━━ DATA TO USE
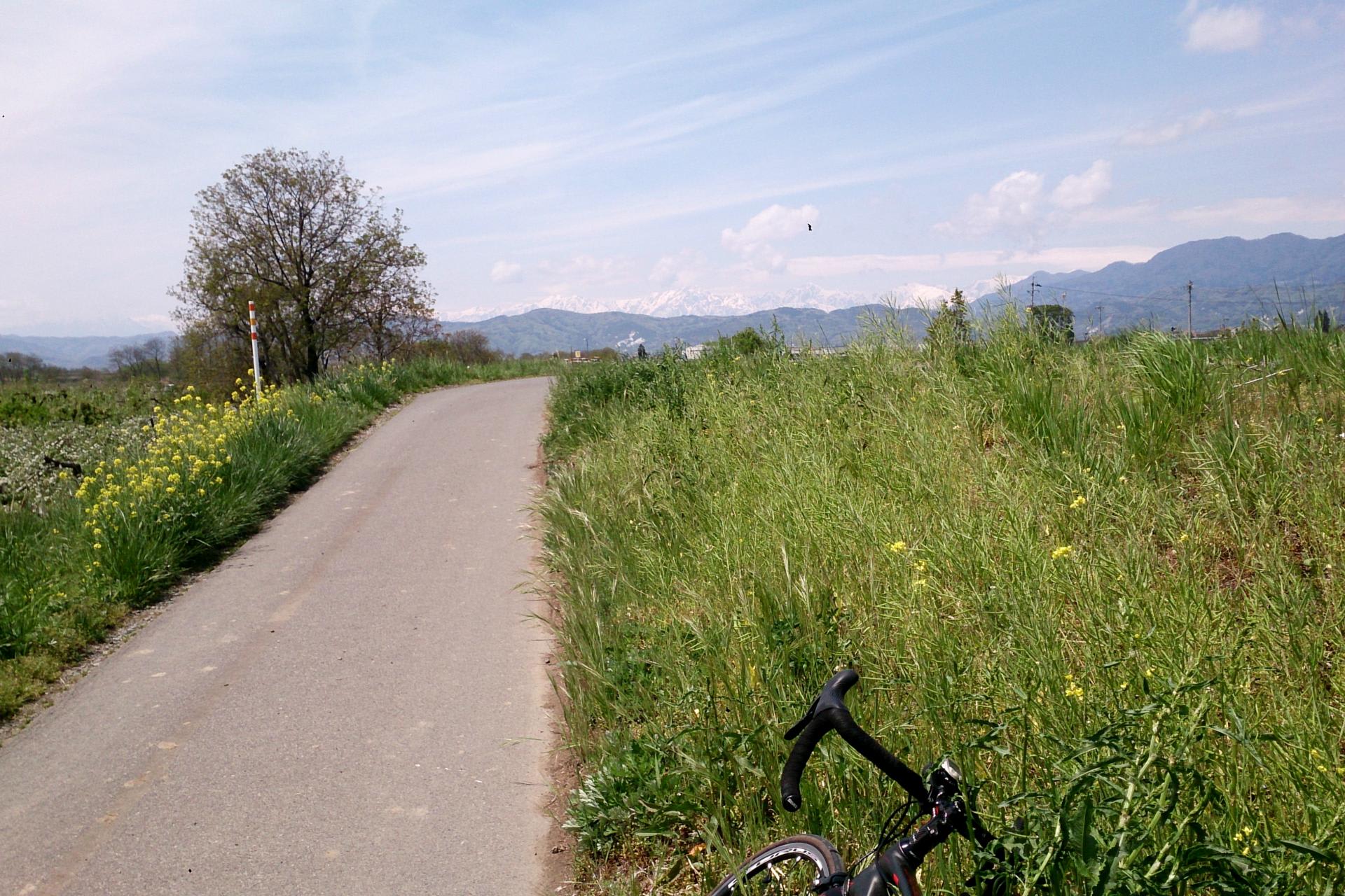 千曲川沿いの名残の桜並木沿いの土手上を落合橋まで走り、川中島の古戦場跡を通過。
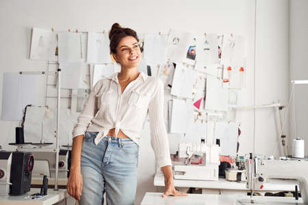 Portrait of young adult fashion designer as owner entrepreneur at her atelier studio. Using for entrepreneur startup concept.
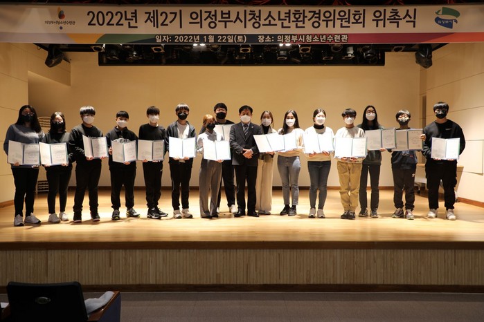 이번 위촉식에는 조경서 수련관장 외 청소년수련관 관계자들을 비롯한 청소년환경위원회 위원으로 선발된 15명의 청소년이 참여했으며 위촉장 수여와 수련관장과의 대화 등 2022 환경활동 및 의정부시 환경에 대해 의견을 나누는 시간을 가졌다.
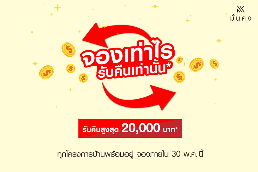 มั่นคงฯ เสิร์ฟโปรโมชั่น "จองเท่าไหร่ รับคืนเท่านั้น" กับทุกโครงการบ้าน-ทาวน์โฮมพร้อมอยู่ รับคืนสูงสุด 20,000 บ.* พร้อมข้อเสนอสุดพิเศษทุกโครงการ รายชื่อโครงการพร้อมอยู่ทุกทำเล
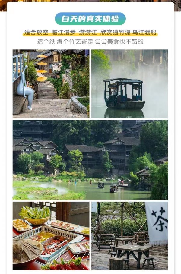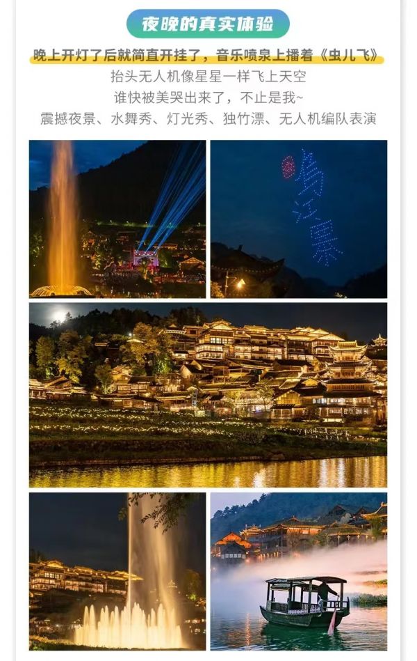 4.保證入住網(wǎng)紅國際度假區(qū)——烏江寨,震撼夜景、水舞秀、燈光秀、獨(dú)竹漂和無人機(jī)編隊(duì)等表演。
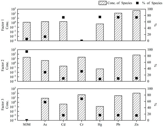 The sources of soil heavy metals are generally the soil-forming parent material and human activities [41]. By analyzing the possible local sources, the number of factors, from two to four, was chosen, and twenty iterations of the operations were performed, respectively. It was found that the simulation was best when the number of factors was three; the 10th result in the model operation was the best. The values of QRobust and Qtrue were 1349.9 and 1431.7, respectively, with a difference of 10% or less, and most of the residuals of the samples were in the range of −3 to 3, which indicated that it had good feasibility. The R2 values of the fit for Zn, As, Cd, Cr, Hg, Pb, and SOM were 0.99, 0.82, 0.99, 0.70, 0.99, 0.99, 0.99, and 0.99, respectively, indicating a good fit.
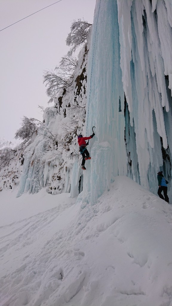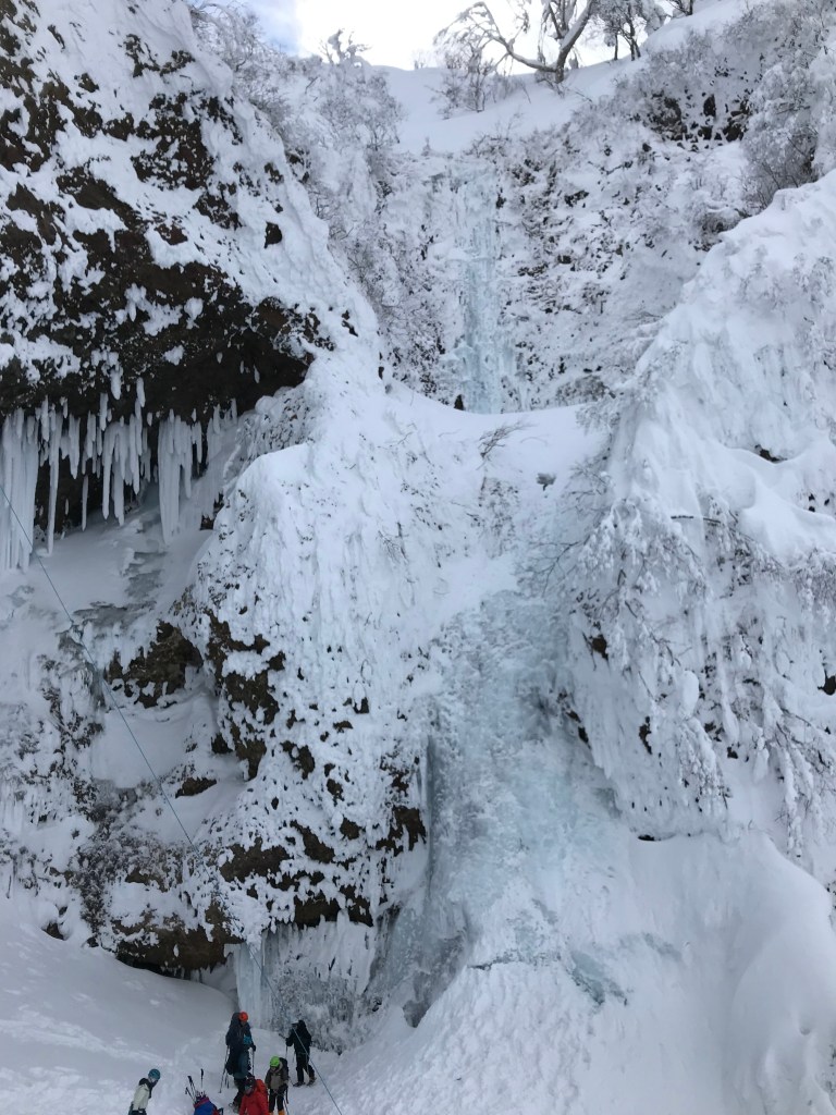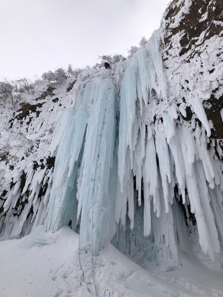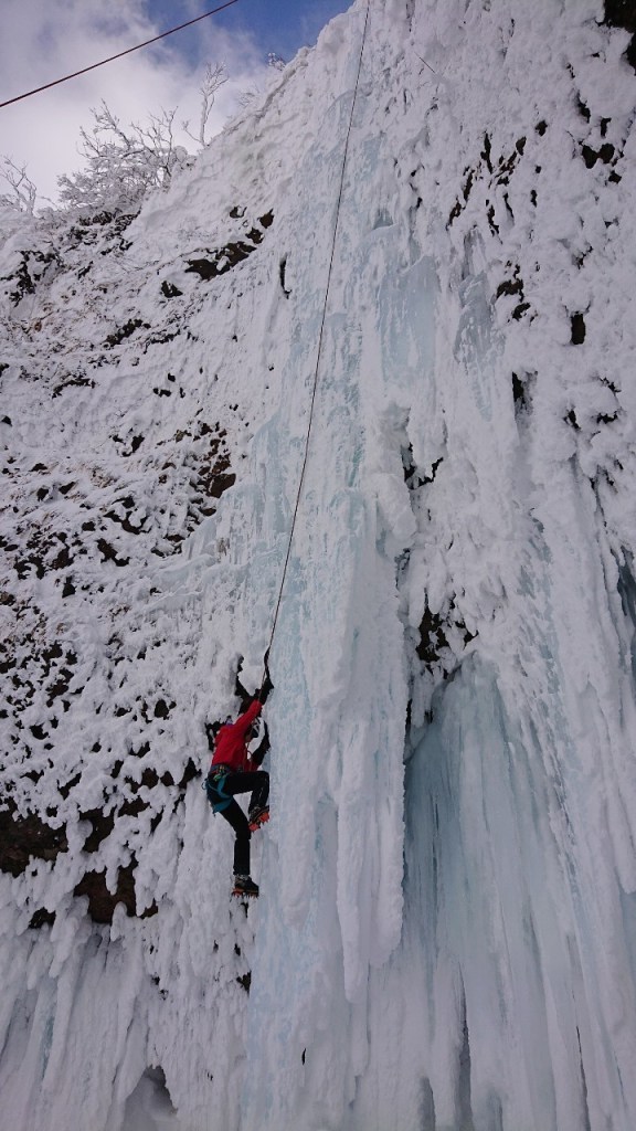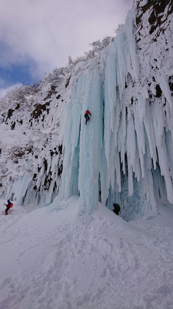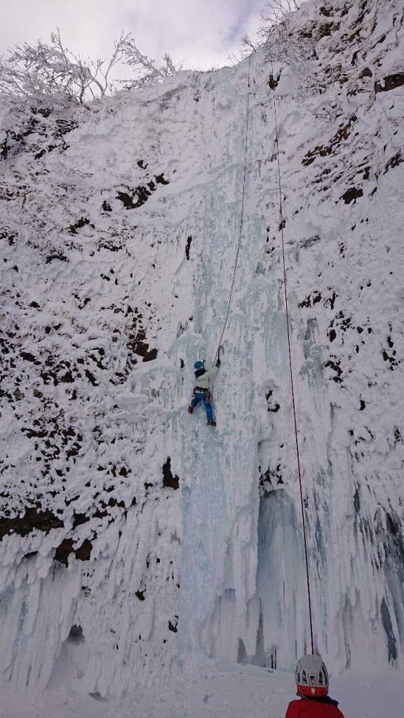 (工藤)大氷柱は最初は全く登れませんでしたが皆様からアドバイスを頂き腰を氷に近づけるようにしたら楽に登れるようになりテンションしながらですがトップアウトできたので良かったです。糸滝の上の滝は全く登れませんでしたので次回がんばりたいです。アックス持っていない私を連れて糸滝の上に行く為に、まりこさんと松本さんが糸滝をアックス1本で登って下さりました。皆様にお世話になり本当にありがとうございました。
━━━━
All lines from the one containing "이번 위촉식에는 조경서" through the end of the entries above must be given again exactly, with every picture omitted.

 이번 위촉식에는 조경서 수련관장 외 청소년수련관 관계자들을 비롯한 청소년환경위원회 위원으로 선발된 15명의 청소년이 참여했으며 위촉장 수여와 수련관장과의 대화 등 2022 환경활동 및 의정부시 환경에 대해 의견을 나누는 시간을 가졌다.
 มั่นคงฯ เสิร์ฟโปรโมชั่น "จองเท่าไหร่ รับคืนเท่านั้น" กับทุกโครงการบ้าน-ทาวน์โฮมพร้อมอยู่ รับคืนสูงสุด 20,000 บ.* พร้อมข้อเสนอสุดพิเศษทุกโครงการ รายชื่อโครงการพร้อมอยู่ทุกทำเล
 4.保證入住網(wǎng)紅國際度假區(qū)——烏江寨,震撼夜景、水舞秀、燈光秀、獨(dú)竹漂和無人機(jī)編隊(duì)等表演。
 The sources of soil heavy metals are generally the soil-forming parent material and human activities [41]. By analyzing the possible local sources, the number of factors, from two to four, was chosen, and twenty iterations of the operations were performed, respectively. It was found that the simulation was best when the number of factors was three; the 10th result in the model operation was the best. The values of QRobust and Qtrue were 1349.9 and 1431.7, respectively, with a difference of 10% or less, and most of the residuals of the samples were in the range of −3 to 3, which indicated that it had good feasibility. The R2 values of the fit for Zn, As, Cd, Cr, Hg, Pb, and SOM were 0.99, 0.82, 0.99, 0.70, 0.99, 0.99, 0.99, and 0.99, respectively, indicating a good fit.
 (工藤)大氷柱は最初は全く登れませんでしたが皆様からアドバイスを頂き腰を氷に近づけるようにしたら楽に登れるようになりテンションしながらですがトップアウトできたので良かったです。糸滝の上の滝は全く登れませんでしたので次回がんばりたいです。アックス持っていない私を連れて糸滝の上に行く為に、まりこさんと松本さんが糸滝をアックス1本で登って下さりました。皆様にお世話になり本当にありがとうございました。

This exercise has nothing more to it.